Word for word, set down the lines from the one that holds "Specification of Lenovo" through the final line of the listing below, and exclude every picture.

# # # # #

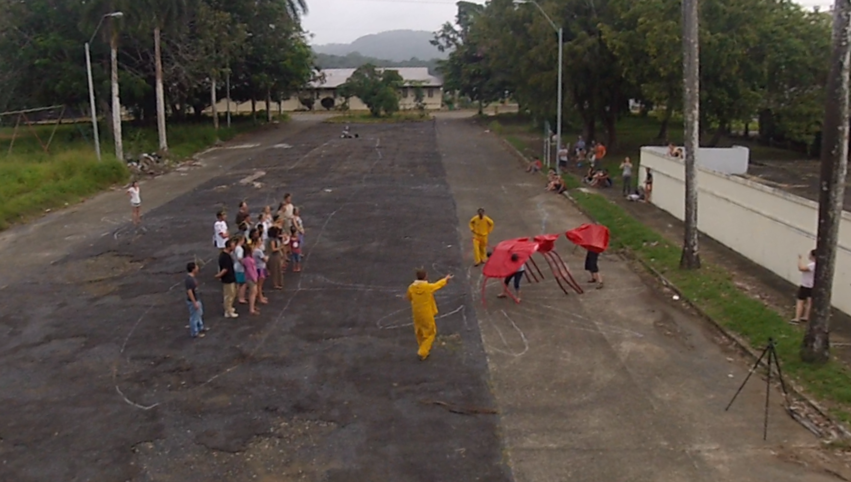 In wrapping up my 2013 field season, I challenged my partner Peter Marting to express his research as a performative love story. In just a week, we managed to put together a 30-minute play featuring dozens of actors and audience collaborators, costumes, and an 18 foot long Leaf Cutter ant puppet.
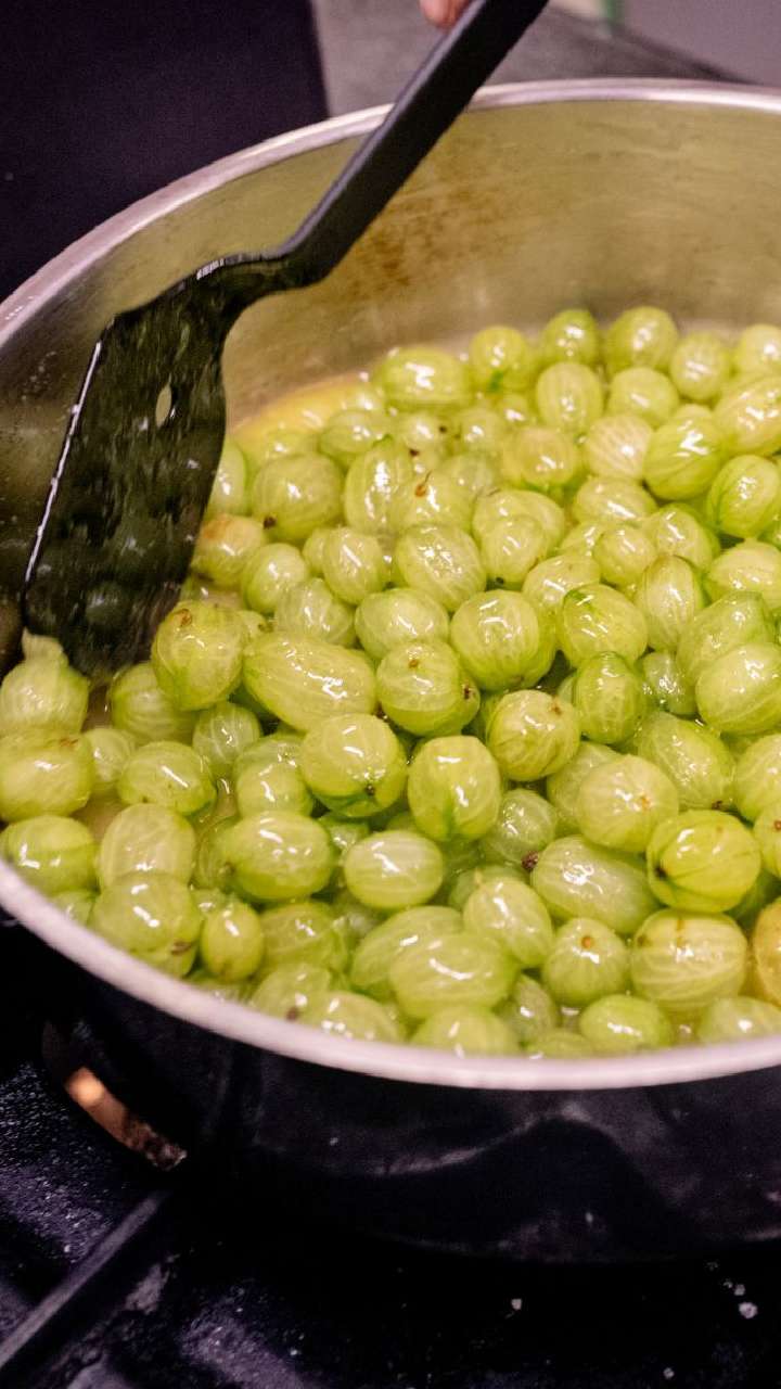 अब इस चाशनी में उबले हुए आंवले डालें और धीमी आंच पर 10–15 मिनट पकाएं। चाशनी हल्की गाढ़ी होने लगे तो गैस बंद कर दें।
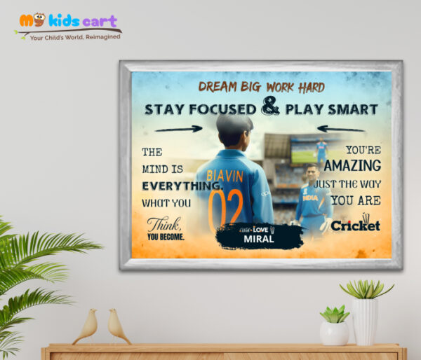 Be the first to review “Cricket Player Boy with MS Dhoni Personalized Motivational Colorful Background Wall Art (Framed)”
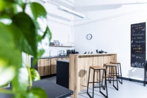 Alle Schreibtische sind mit LED-Beleuchtung und USB-Ladebuchsen ausgestattet. Auf Wunsch sind externer Monitor, Maus und Tastatur erhältlich. Während der Arbeitspausen in unserer Küche oder den zahlreichen nahegelegenen Gastronomieangeboten können persönliche Sachen und Wertgegenstände sicher in abschließbaren Spinten verwahrt werden.
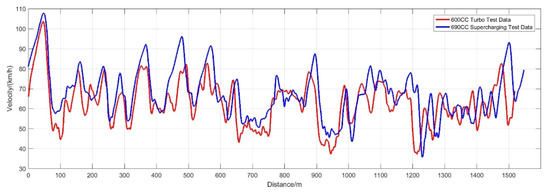 On a dry and well-adhered track (shown in Figure 49), the Gspeed-2018 racecar with the new-generation engine and the Gspeed-2017 racecar with the previous turbocharged 4-cylinder engine were tested and compared. The two racecars used similar chassis and aerodynamic settings and were driven by the same experienced driver. The test results are shown in Table 13, and the speed curve of the fastest lap is shown in Figure 50.
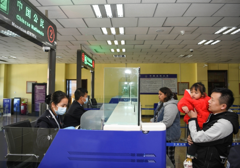 2023年8月29日,準(zhǔn)備前往巴基斯坦探親的跨國夫婦鄭銀果、索娜帶著女兒辦理通關(guān)手續(xù)。
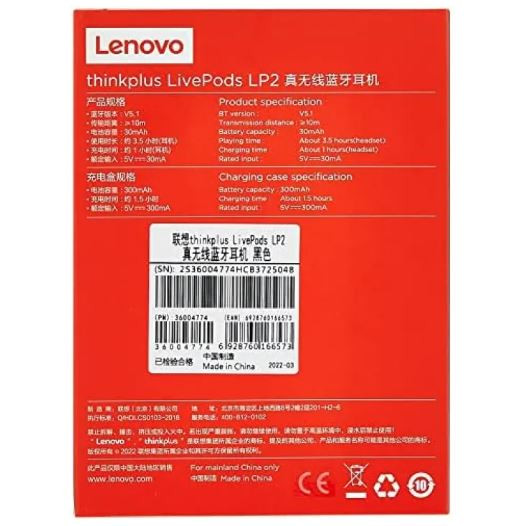 Specification of Lenovo Think plus LP2 TWS Wireless Bluetooth Earbuds Brand-Lenovo SKU-231217EA648 What's in Box-Only Wireless
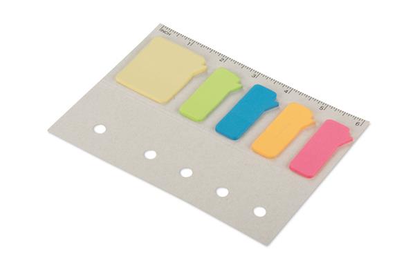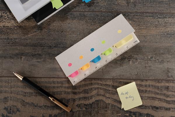 Zestaw karteczek samoprzylepnych CLOUD to funkcjonalny gadżet biurowy o nietypowym, przyciągającym wzrok designie. Wykonany z recyklingowanego kartonu po mleku, łączy w sobie praktyczne kolorowe zakładki oraz linijkę, która stanowi część opakowania. Kompaktowy format sprawia, że zestaw idealnie sprawdzi się zarówno w biurze, jak i w podróży – do szybkiego notowania, planowania i organizowania dokumentów. Świetny jako dodatek do zestawów biurowych i kreatywnych kampanii promocyjnych.
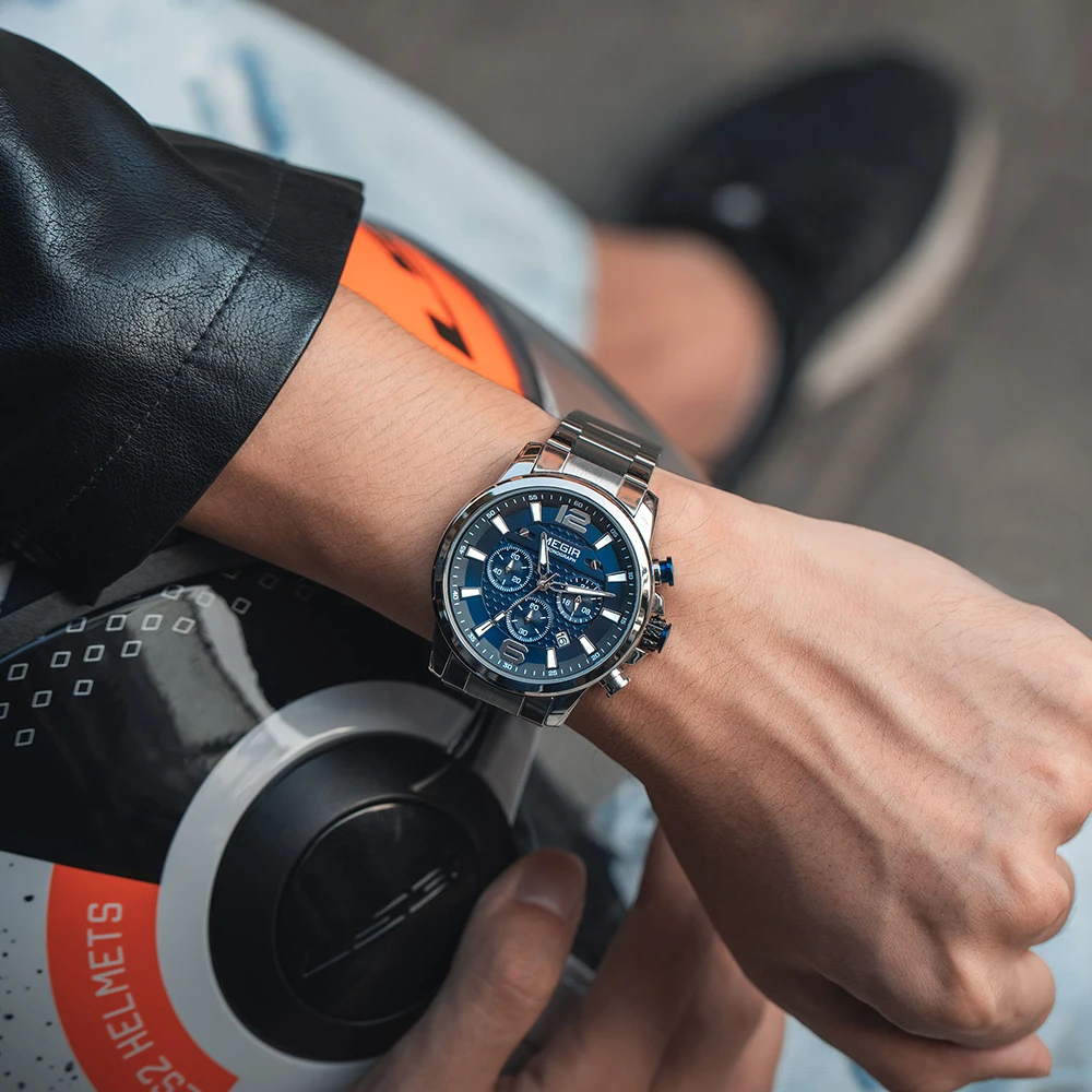 MEGIR Men's Quartz Wrist Watch Men Stainless Steel Band Chronograph Mens Watches Luminous Waterproof Men Quartz Wristwatches

# # # # #

:: Answer section ::
 Specification of Lenovo Think plus LP2 TWS Wireless Bluetooth Earbuds Brand-Lenovo SKU-231217EA648 What's in Box-Only Wireless
 Zestaw karteczek samoprzylepnych CLOUD to funkcjonalny gadżet biurowy o nietypowym, przyciągającym wzrok designie. Wykonany z recyklingowanego kartonu po mleku, łączy w sobie praktyczne kolorowe zakładki oraz linijkę, która stanowi część opakowania. Kompaktowy format sprawia, że zestaw idealnie sprawdzi się zarówno w biurze, jak i w podróży – do szybkiego notowania, planowania i organizowania dokumentów. Świetny jako dodatek do zestawów biurowych i kreatywnych kampanii promocyjnych.
 MEGIR Men's Quartz Wrist Watch Men Stainless Steel Band Chronograph Mens Watches Luminous Waterproof Men Quartz Wristwatches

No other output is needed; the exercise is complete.